YOUR GOAL:
In the material below, the lines from the one containing "German States. Prussia." through the one containing "Økologisk tjukkmjølk har" are to be given again exactly, ends included, and no others.

DATA SUPPLIED:
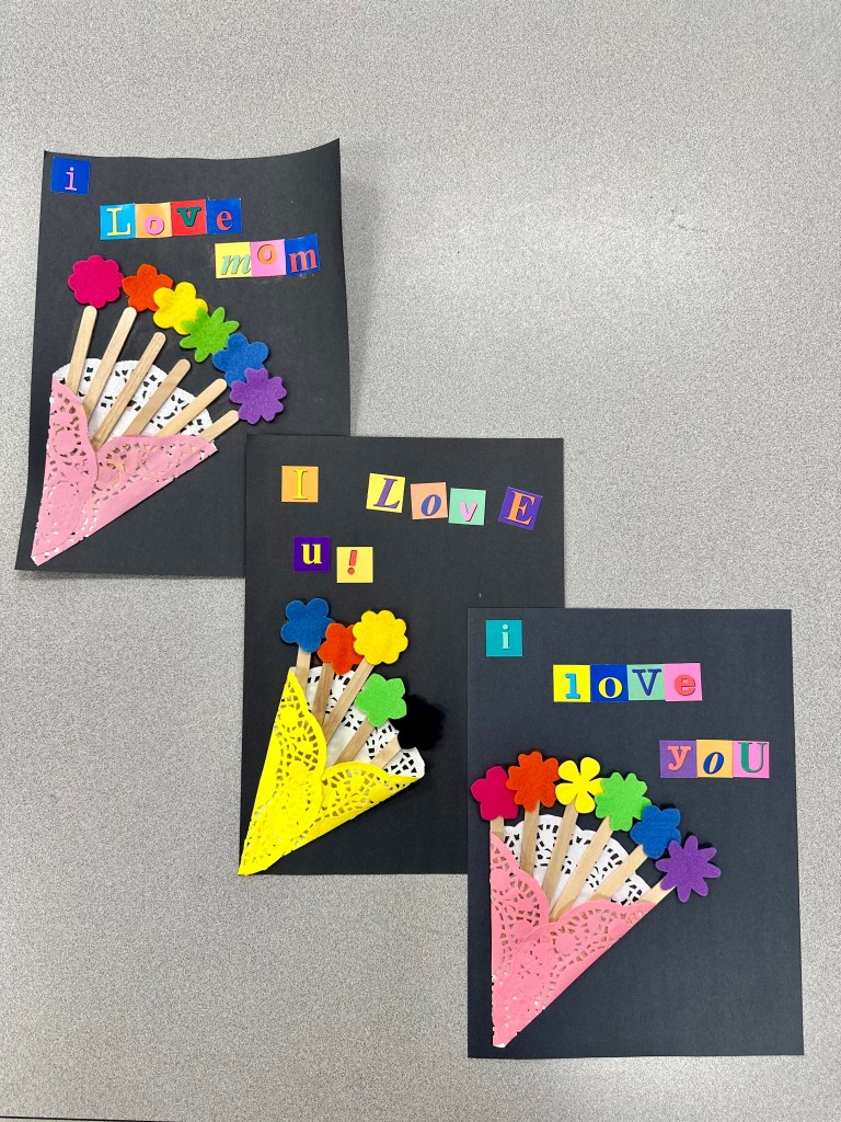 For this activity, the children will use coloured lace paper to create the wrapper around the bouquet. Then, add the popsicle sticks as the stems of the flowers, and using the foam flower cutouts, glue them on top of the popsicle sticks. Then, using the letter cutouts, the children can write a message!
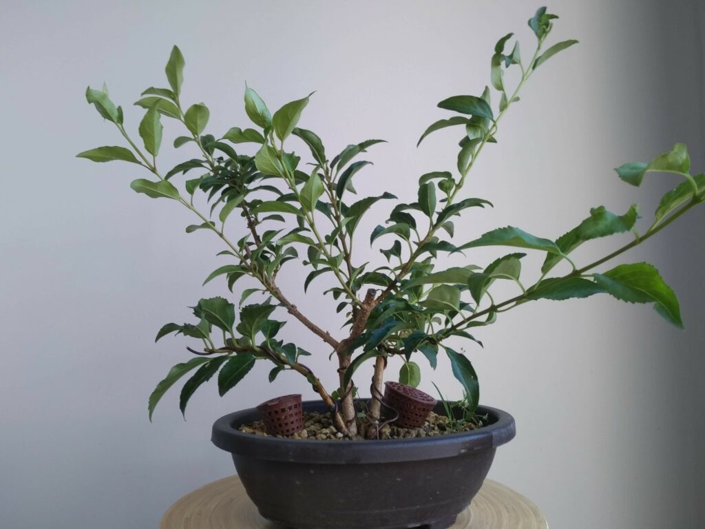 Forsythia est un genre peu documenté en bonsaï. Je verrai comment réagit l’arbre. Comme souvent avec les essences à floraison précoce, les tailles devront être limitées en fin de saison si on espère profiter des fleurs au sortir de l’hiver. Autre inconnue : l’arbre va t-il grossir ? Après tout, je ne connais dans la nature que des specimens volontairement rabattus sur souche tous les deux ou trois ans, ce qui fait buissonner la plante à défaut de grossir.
--
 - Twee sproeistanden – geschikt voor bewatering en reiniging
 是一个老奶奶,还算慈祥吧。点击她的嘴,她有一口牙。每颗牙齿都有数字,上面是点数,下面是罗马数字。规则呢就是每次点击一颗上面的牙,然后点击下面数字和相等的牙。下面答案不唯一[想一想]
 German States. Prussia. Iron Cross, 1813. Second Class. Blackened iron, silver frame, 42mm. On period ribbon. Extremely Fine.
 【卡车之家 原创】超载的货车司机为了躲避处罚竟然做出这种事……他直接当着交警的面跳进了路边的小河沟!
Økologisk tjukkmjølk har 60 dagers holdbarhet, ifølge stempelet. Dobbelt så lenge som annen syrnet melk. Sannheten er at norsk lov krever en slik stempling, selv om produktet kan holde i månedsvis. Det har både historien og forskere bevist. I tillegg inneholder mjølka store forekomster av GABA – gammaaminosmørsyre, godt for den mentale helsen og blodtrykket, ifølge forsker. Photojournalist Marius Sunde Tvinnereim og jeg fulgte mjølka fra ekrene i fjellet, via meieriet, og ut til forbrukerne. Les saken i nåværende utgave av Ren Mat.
...
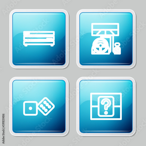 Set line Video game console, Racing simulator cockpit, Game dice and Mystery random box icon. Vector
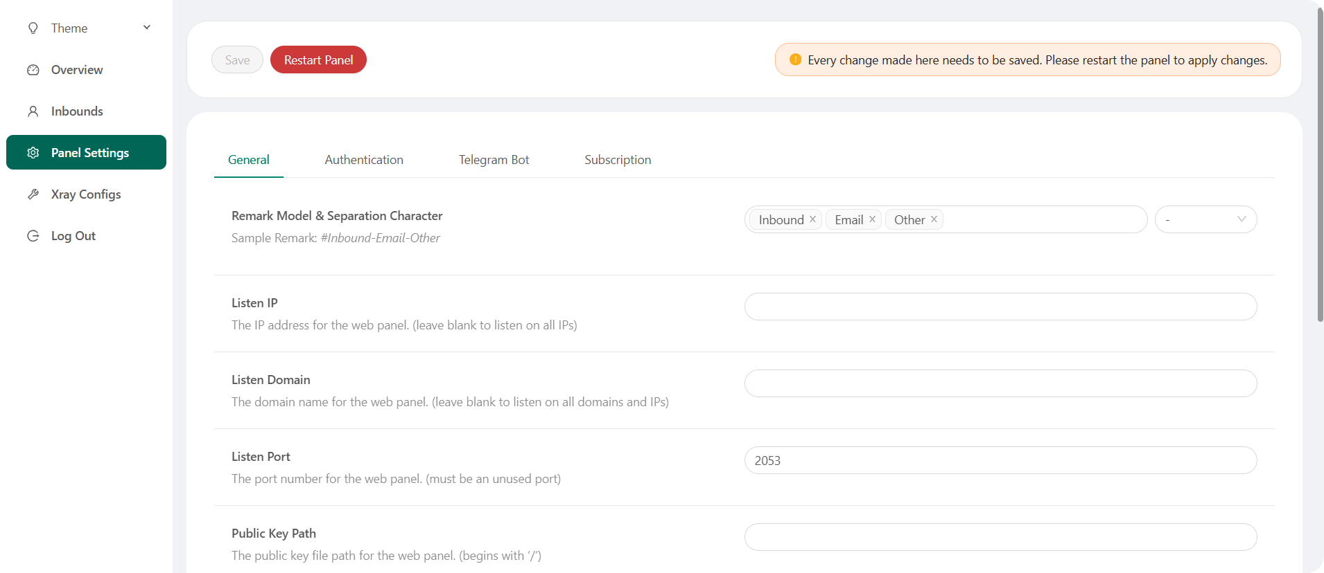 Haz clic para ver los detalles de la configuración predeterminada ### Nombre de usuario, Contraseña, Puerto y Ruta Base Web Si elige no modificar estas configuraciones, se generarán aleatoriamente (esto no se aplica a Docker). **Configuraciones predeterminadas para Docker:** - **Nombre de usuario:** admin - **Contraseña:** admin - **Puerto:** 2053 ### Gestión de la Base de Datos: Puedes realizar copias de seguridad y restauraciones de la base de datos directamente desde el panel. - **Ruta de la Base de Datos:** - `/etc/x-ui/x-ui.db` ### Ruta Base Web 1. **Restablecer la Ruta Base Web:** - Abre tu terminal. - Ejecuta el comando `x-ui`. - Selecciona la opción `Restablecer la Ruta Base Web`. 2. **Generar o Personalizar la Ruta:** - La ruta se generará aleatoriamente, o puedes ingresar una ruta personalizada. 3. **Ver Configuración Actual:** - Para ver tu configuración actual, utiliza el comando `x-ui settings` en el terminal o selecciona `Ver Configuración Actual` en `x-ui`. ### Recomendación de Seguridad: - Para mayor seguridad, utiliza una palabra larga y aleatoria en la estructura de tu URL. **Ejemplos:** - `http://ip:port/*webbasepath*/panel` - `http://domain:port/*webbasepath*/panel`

ANSWER TO THE PROBLEM:
 German States. Prussia. Iron Cross, 1813. Second Class. Blackened iron, silver frame, 42mm. On period ribbon. Extremely Fine.
 【卡车之家 原创】超载的货车司机为了躲避处罚竟然做出这种事……他直接当着交警的面跳进了路边的小河沟!
Økologisk tjukkmjølk har 60 dagers holdbarhet, ifølge stempelet. Dobbelt så lenge som annen syrnet melk. Sannheten er at norsk lov krever en slik stempling, selv om produktet kan holde i månedsvis. Det har både historien og forskere bevist. I tillegg inneholder mjølka store forekomster av GABA – gammaaminosmørsyre, godt for den mentale helsen og blodtrykket, ifølge forsker. Photojournalist Marius Sunde Tvinnereim og jeg fulgte mjølka fra ekrene i fjellet, via meieriet, og ut til forbrukerne. Les saken i nåværende utgave av Ren Mat.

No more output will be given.